• Recorded information:
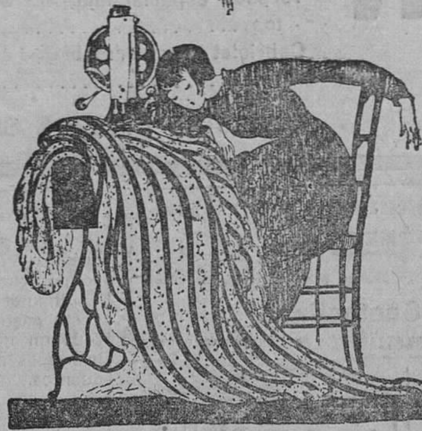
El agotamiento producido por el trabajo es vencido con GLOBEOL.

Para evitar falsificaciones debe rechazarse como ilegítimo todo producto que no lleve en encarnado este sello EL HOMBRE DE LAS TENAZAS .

--

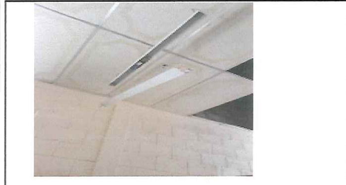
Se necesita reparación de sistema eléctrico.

• Description of the task: All lines above from the one with "El agotamiento producido" to the one with "Para evitar falsificaciones", inclusive, should be copied exactly, and no other lines.

• Result of this task:
El agotamiento producido por el trabajo es vencido con GLOBEOL.

Para evitar falsificaciones debe rechazarse como ilegítimo todo producto que no lleve en encarnado este sello EL HOMBRE DE LAS TENAZAS .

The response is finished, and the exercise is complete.